Dieppe veteran Georges Giguère prepares to place a commemorative wreath at a ceremony Aug. 25. 1985. He is accompanied by Manon Lalonde of the Fusiliers de Mont-Royal. The Dieppe raid began on Aug. 19, 1942.
The uncropped photo.
Ceremonies are held annually to commemorate the Dieppe Raid, a Second World War battle that began on Aug. 19, 1942 and was calamitous for the young Canadian soldiers who participated. This photo taken Aug. 25, 1985 by the Montreal Gazette’s Jean Pierre Rivest shows Georges Giguère, the bemedalled president of the Dieppe Veterans’ Association, about to lay a memorial wreath. According to the information on the back of the photo, he is escorted by Manon Lalonde of the Fusiliers de Mont-Royal, the same regiment with which Giguère served.
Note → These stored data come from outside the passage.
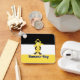 The key chain is made of metal and really sturdy. The flower design is really cheerful. The logo and colors are clear and crisp!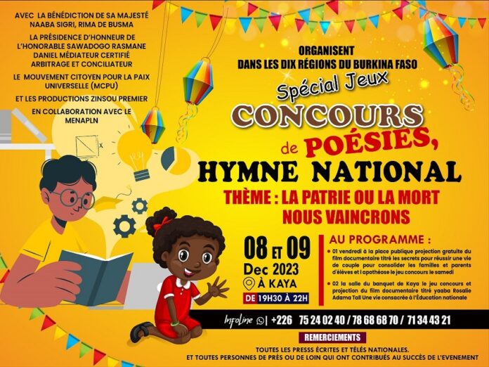 Le président du Mouvement citoyen pour la paix universelle(MCPU) Germain Zinsou veut être « utile à la nation burkinabè». Pour cela, son association lance le vendredi 8 décembre 2023 à Kaya la deuxième édition du ‘’Jeu concours de poésie et de l’hymne national, au profit des écoliers du Burkina‘’.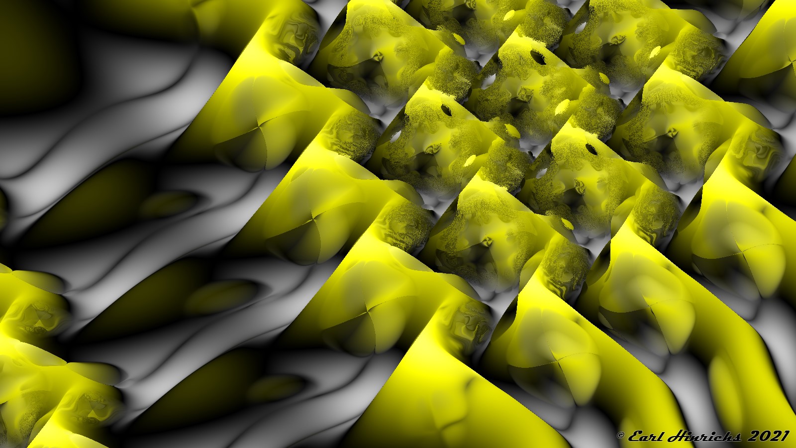 Today's feature color is yellow. I am taking a small step away from fuzzy lines. Instead yellow is used to highlight an array of only slightly fuzzy diamond shapes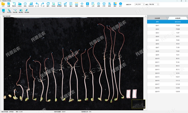 9.種子萌發(fā)和根系分析測定:常用于種子活力、種子發(fā)芽率、種子品質(zhì)性狀研究、基因育種、基因定位等研究領(lǐng)域,可用于單次自動識別≥30粒黃豆、綠豆等種子發(fā)芽后的胚軸長(芽長)、根長、種子發(fā)芽率等參數(shù)。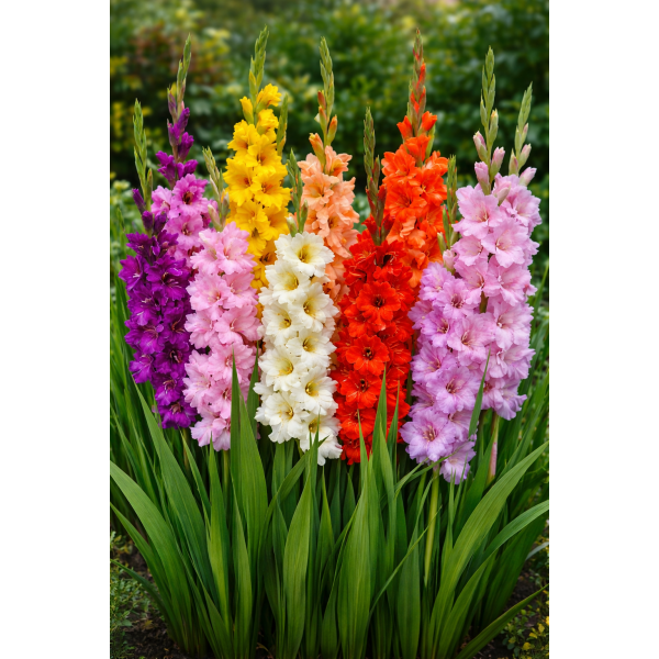 Įspūdingas įvairiaspalvių kardelių mišinys. Aukšti, statūs žiedynai išsiskiria sodriomis violetinėmis, rožinėmis, baltomis, geltonomis, oranžinėmis ir raudonomis spalvomis. Puikiai tinka tiek gėlynams, tiek skynimui – ilgai išlieka dekoratyvūs vazose.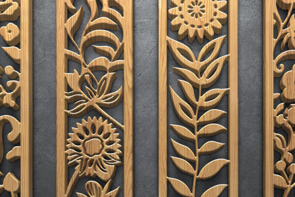 Intra απο ξύλο plywood Χρώμα wenge 3mm-4mm πάχος – Πακέτο με φλοράλ λωρίδα με λέιζερ Δίασταση 3200×7200 cm INTRAFABR-115233403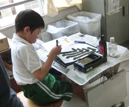 3年生の書写です。この時間は、「折れ」の部分を上手に書く練習をしていました。角の部分で向きを変えるときの力の入れ具合によって、毛筆の「折れ」が美しく書けますね。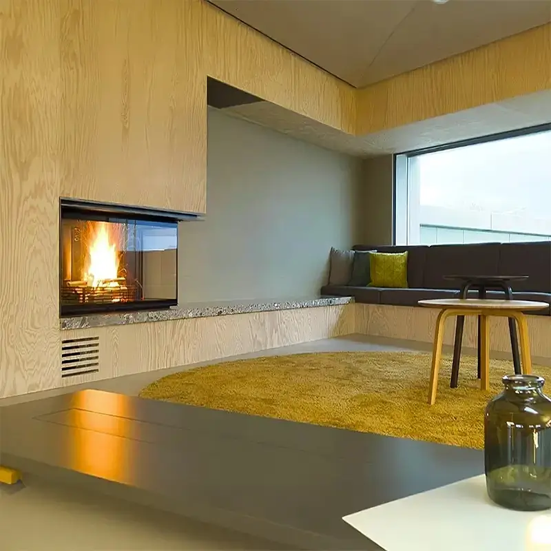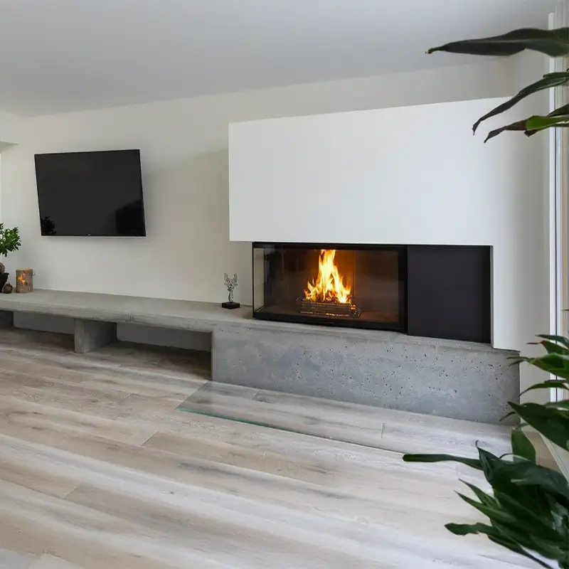 - Tosidig innsyn til flammene gir en imponerende visuell effekt og gjør peisen til et naturlig midtpunkt i rommet.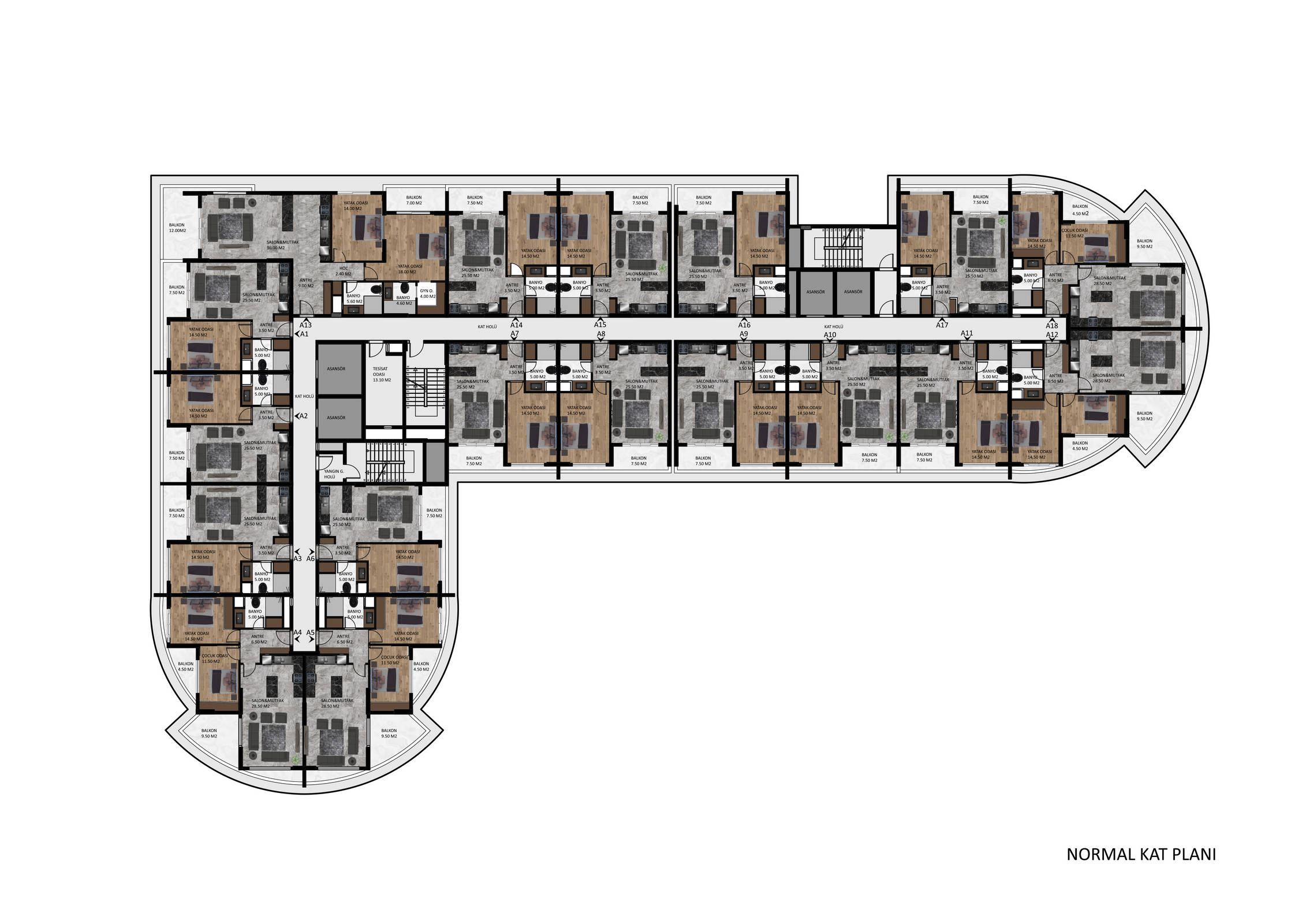 2+1 - 2 балкона / 2 ванные комнаты

While the location is not given, this photo was probably taken in Longueuil, where a Dieppe monument was erected in 1971 in Place Charles LeMoyne opposite the Longueuil métro station. Prior to the erection of that monument, annual ceremonies were held in Dominion Square.
At the time of the Dieppe Raid, virtually all of continental Europe was occupied by the Nazis. The landing in Dieppe, in France, was an attempt by the Allies to gain a foothold on the continent. Canadians made up the bulk of the landing force. For various reasons, it was a horrible failure, but was said to have provided valuable lessons for the successful D-Day assault a couple years later. According to a Veterans Affairs Canada website , “Of the 4,963 Canadians who embarked for the operation, only 2,210 returned to England, and many of these were wounded. There were 3,367 casualties, including 1,946 prisoners of war; 916 Canadians lost their lives.”
Giguère was one of those prisoners of war. In the Sept. 16, 1942 edition of the Montreal Gazette, he was among the many whom we reported as missing. We wrote that he was a lance corporal who at the time of his enlistment had been a postal employee. He had originally joined a different regiment, but had switched to the Fusiliers de Mont-Royal in order to go overseas, we wrote.
He spent a total of 33 months in German prisoner of war camps, including 13 months in chains, we reported many years later.
Giguère died Dec. 20, 2001 at the age of 80.